Snake Island may not have human habitats, but what earned the island its name is its resident snake population that is of incredibly high density. It is estimated that for every one meter squared, there lives at least one snake.

The mysterious island is also known as Ilha da Queimada Grande, and it is in fact so dangerous to set foot there that Brazil has made it illegal for anyone to visit. The danger on the island comes in the form of the golden lancehead snakes — a species of pit viper and one of the deadliest serpents in the world.

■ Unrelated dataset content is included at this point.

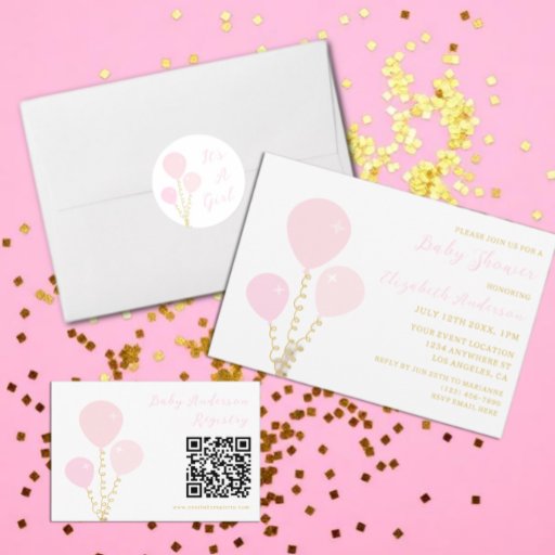 Convites Pink Balloons Girl Baby Shower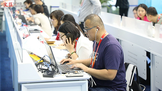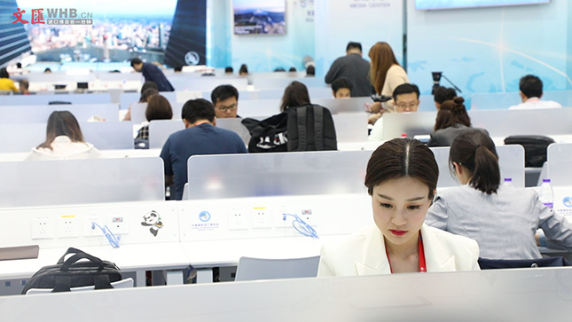 首届中国国际进口博览会的前沿阵地——进博会新闻中心里,每一个忙碌的身影,都很美丽。

Home to an estimated 4,000 venomous lancehead vipers, this is considered one of the worlds’ deadliest islands.

The lancehead genus of snakes is responsible for 90 percent of Brazilian snakebite-related fatalities. The golden lanceheads that occupy Snake Island grow to well over half a meter long, and they possess a powerful fast-acting venom that melts the flesh around their bites.

Since the island vipers had no prey but birds, they evolved to have extra-potent venom so that they could almost immediately kill any bird. Local birds are too savvy to be caught by the many predators that inhabit Ilha da Queimada Grande and the snakes instead rely on birds who visit the island to rest as food.

Rumour has it a hapless fisherman landed onto the island in search of bananas — only to be discovered days later in his boat, dead in a pool of blood, with snake bites on his body. From 1909 to the 1920s, a few people did live on the island, in order to run its lighthouse. But according to another local tale, the last lighthouse keeper, along with his entire family, died when a cadre of snakes slithered into his home through the windows.

The other story is of the final lighthouse operator and his family. One night, a handful of snakes enter through a window and attack the man, his wife, and their three children. In a desperate gambit to escape, they flee towards their boat, but they are bitten by snakes on branches overhead.

Visiting the island is illegal, immensely risky, and requires permission from the Brazilian navy. Anti-venom is located in São Paulo‘s Butantã Institute, 150 kilometers away, so a bite can be fatal. The institute has golden lanceheads for milking and research purposes so they can be seen up close and personal there, yet with a welcome, safety glass in between.